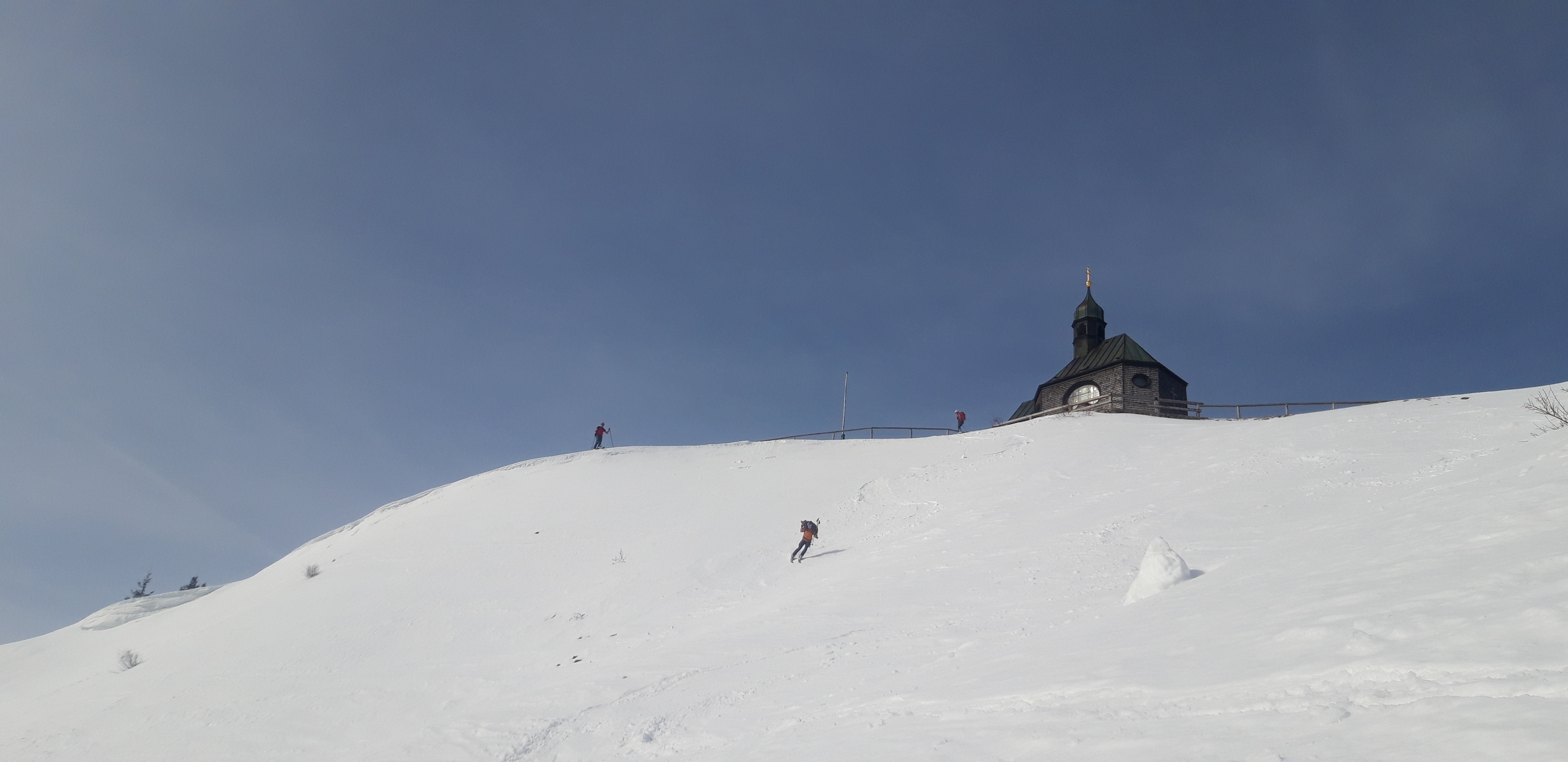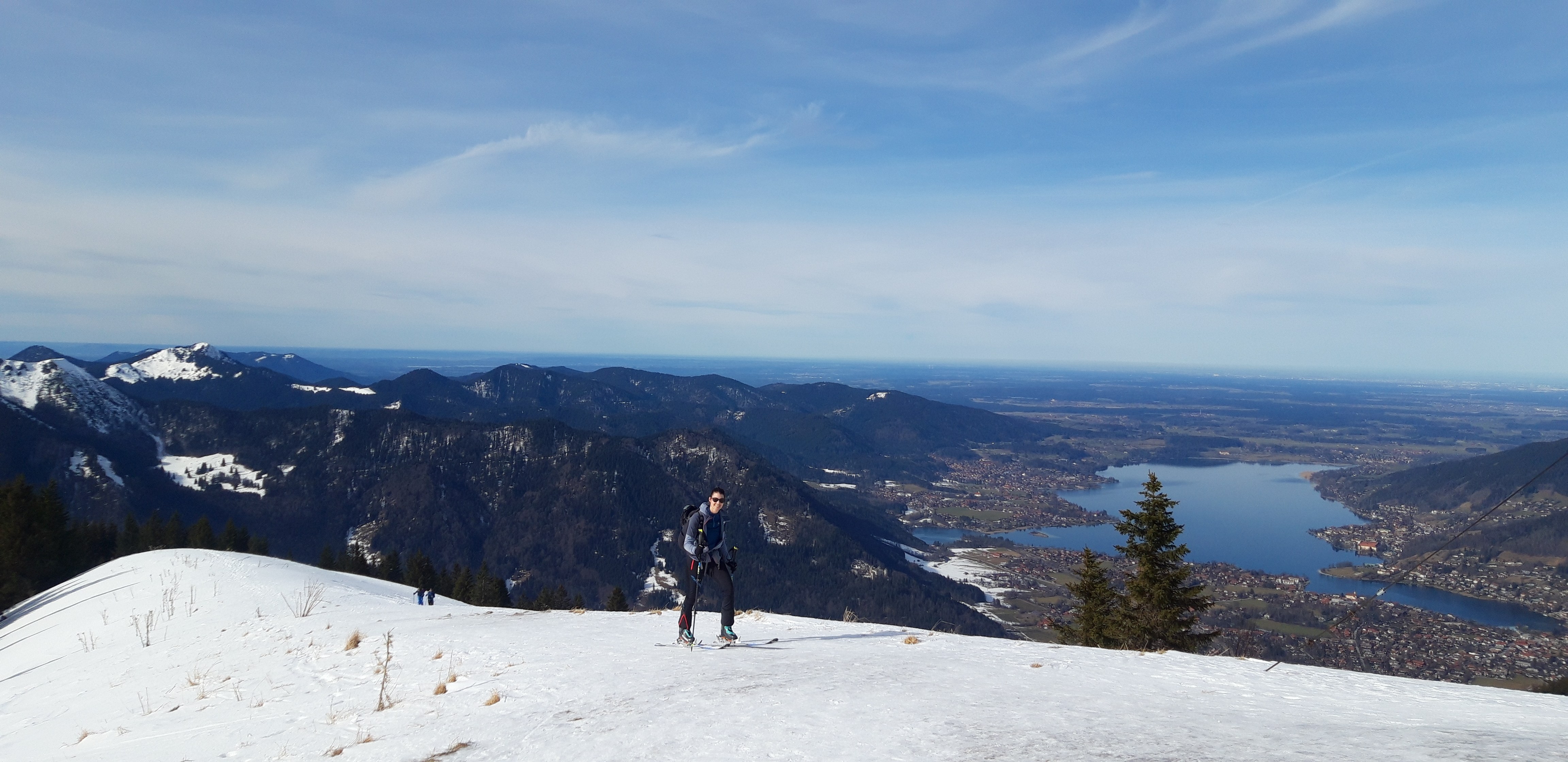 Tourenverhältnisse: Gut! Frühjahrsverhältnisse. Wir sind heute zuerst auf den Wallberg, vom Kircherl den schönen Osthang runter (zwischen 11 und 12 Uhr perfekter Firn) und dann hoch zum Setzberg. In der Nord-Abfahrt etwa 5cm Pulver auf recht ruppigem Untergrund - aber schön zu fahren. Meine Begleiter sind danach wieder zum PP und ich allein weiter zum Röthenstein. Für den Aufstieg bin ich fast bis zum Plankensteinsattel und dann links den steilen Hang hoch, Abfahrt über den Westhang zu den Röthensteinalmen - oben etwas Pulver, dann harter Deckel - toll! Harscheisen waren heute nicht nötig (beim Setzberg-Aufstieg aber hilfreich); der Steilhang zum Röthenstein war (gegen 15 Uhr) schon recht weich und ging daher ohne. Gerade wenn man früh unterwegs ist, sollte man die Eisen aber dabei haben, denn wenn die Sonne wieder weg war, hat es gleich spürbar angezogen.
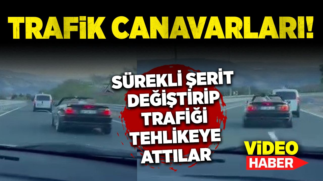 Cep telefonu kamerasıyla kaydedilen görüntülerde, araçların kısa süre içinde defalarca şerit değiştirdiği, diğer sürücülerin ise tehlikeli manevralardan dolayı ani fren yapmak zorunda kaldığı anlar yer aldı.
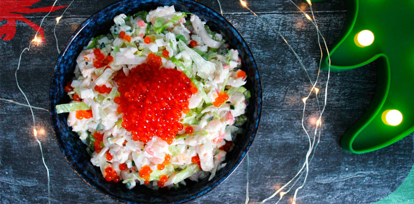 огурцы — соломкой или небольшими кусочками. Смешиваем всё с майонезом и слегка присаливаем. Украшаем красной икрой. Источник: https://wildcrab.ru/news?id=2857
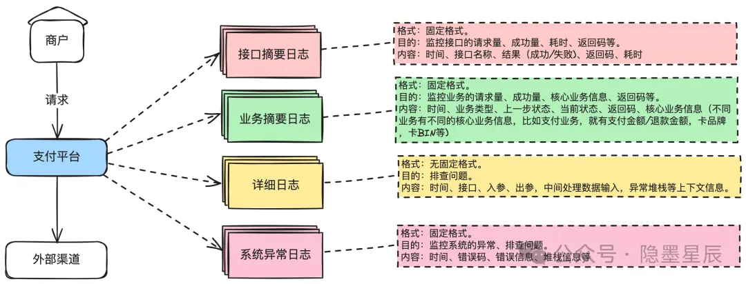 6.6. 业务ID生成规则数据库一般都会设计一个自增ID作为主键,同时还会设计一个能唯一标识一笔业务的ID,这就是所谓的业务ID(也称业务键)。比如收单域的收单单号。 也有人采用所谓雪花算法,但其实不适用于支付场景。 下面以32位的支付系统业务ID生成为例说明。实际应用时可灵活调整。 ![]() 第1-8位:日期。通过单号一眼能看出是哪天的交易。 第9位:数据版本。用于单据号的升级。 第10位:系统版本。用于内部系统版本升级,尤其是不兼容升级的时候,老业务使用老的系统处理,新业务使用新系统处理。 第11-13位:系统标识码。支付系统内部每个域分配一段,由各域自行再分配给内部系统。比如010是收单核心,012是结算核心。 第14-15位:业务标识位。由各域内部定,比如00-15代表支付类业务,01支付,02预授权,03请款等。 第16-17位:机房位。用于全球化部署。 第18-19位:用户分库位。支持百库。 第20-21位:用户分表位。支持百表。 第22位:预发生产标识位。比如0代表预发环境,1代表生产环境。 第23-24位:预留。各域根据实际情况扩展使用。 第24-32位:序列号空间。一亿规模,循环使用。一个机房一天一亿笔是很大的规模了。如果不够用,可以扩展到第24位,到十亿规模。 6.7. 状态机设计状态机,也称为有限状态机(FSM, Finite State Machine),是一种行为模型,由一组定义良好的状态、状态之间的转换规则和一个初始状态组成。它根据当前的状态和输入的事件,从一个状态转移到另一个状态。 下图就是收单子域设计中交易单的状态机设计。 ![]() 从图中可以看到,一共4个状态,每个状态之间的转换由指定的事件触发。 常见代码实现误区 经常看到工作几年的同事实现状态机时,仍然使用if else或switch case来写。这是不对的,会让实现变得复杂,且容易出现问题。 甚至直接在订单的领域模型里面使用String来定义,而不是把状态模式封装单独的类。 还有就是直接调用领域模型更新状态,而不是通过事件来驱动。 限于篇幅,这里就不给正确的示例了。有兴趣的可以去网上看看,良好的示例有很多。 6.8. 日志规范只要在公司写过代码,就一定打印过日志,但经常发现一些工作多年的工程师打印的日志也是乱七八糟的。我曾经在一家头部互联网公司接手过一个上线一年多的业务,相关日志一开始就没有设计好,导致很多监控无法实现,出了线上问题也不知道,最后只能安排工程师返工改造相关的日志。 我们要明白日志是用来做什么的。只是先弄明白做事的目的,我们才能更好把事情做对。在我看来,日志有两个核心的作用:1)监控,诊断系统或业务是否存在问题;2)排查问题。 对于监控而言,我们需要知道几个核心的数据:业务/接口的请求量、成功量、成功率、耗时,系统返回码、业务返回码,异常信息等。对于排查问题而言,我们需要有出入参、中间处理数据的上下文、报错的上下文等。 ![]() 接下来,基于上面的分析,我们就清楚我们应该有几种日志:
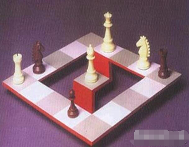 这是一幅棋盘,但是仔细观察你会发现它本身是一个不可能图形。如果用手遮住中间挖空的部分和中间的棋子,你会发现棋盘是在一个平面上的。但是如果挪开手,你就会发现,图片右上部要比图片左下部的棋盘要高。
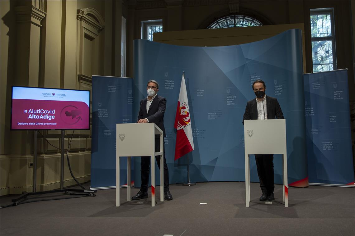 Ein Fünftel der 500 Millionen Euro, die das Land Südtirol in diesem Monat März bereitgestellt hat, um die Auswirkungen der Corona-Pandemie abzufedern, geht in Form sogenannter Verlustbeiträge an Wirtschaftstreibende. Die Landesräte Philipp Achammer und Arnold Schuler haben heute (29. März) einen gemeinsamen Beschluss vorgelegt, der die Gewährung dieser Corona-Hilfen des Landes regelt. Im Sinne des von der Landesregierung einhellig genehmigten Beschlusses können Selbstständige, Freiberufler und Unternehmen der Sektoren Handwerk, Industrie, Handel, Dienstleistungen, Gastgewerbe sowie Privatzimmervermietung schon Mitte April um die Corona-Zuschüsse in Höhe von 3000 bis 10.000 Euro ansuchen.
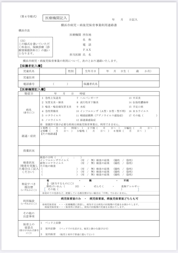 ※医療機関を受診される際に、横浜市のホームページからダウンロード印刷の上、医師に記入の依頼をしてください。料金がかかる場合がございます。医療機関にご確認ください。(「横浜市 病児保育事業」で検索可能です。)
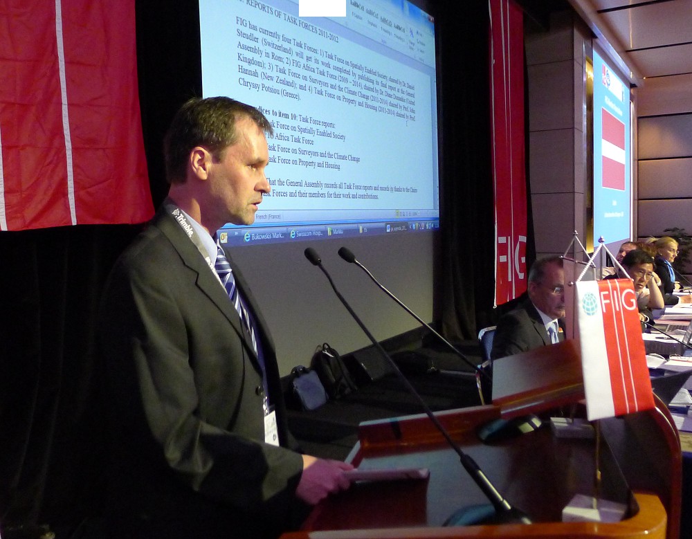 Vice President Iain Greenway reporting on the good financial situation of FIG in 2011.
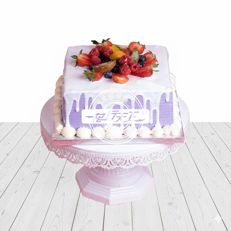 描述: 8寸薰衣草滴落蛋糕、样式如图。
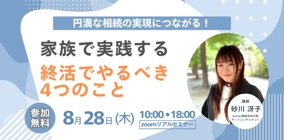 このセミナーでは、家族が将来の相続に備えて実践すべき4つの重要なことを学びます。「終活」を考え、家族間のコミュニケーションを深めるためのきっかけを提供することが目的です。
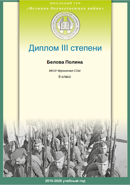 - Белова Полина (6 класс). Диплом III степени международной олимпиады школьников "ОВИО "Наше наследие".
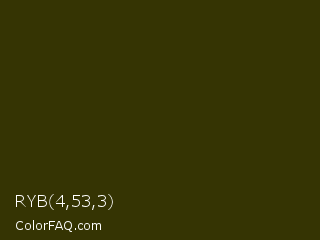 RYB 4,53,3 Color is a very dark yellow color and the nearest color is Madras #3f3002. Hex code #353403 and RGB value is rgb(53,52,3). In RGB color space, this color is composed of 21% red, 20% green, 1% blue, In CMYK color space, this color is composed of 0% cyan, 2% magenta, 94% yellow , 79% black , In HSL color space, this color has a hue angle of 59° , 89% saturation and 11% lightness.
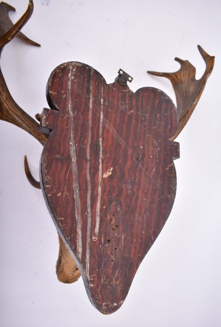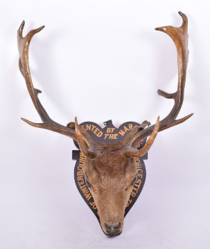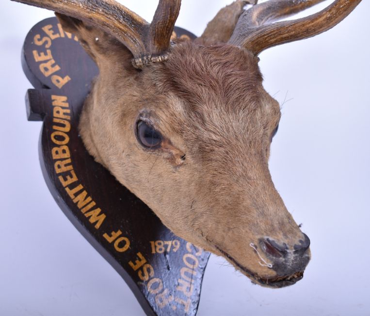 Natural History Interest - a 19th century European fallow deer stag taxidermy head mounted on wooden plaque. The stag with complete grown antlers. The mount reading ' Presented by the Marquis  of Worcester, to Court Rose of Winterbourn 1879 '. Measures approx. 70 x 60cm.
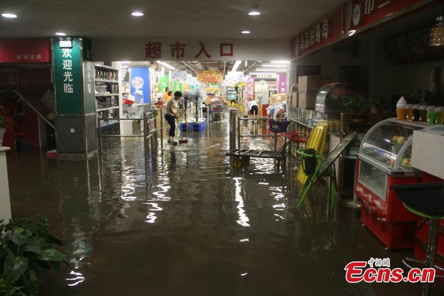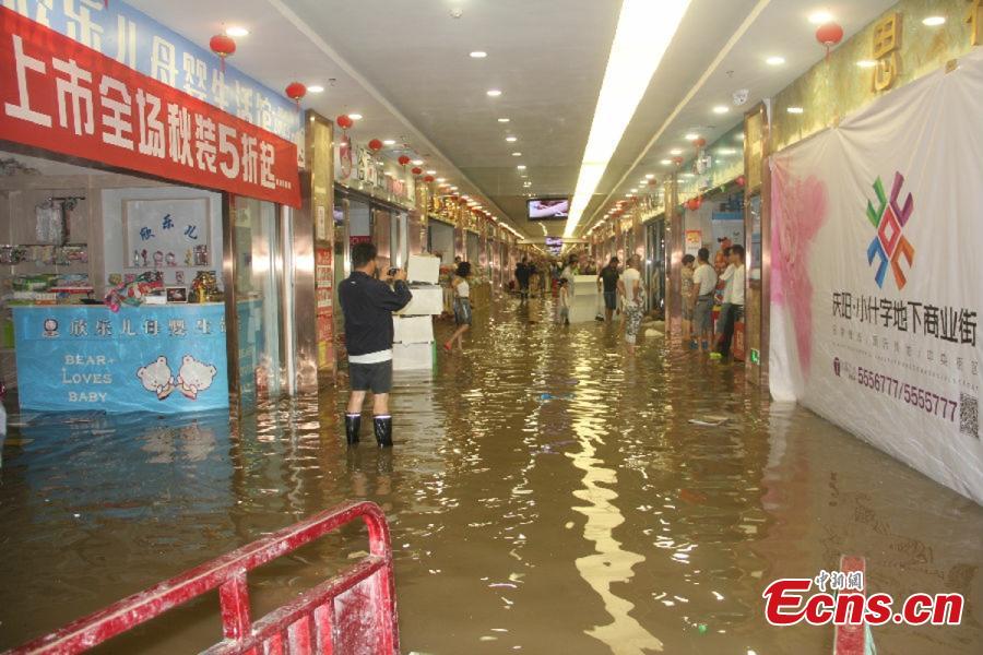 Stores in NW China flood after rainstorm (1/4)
————
# [YOUR INSTRUCTIONS]
Only the lines from the one containing "Natural History Interest" through the last line of the data belong in the copy, both included and reproduced exactly. Pictures do not.

# [SOLUTION]
 Natural History Interest - a 19th century European fallow deer stag taxidermy head mounted on wooden plaque. The stag with complete grown antlers. The mount reading ' Presented by the Marquis  of Worcester, to Court Rose of Winterbourn 1879 '. Measures approx. 70 x 60cm.
 Stores in NW China flood after rainstorm (1/4)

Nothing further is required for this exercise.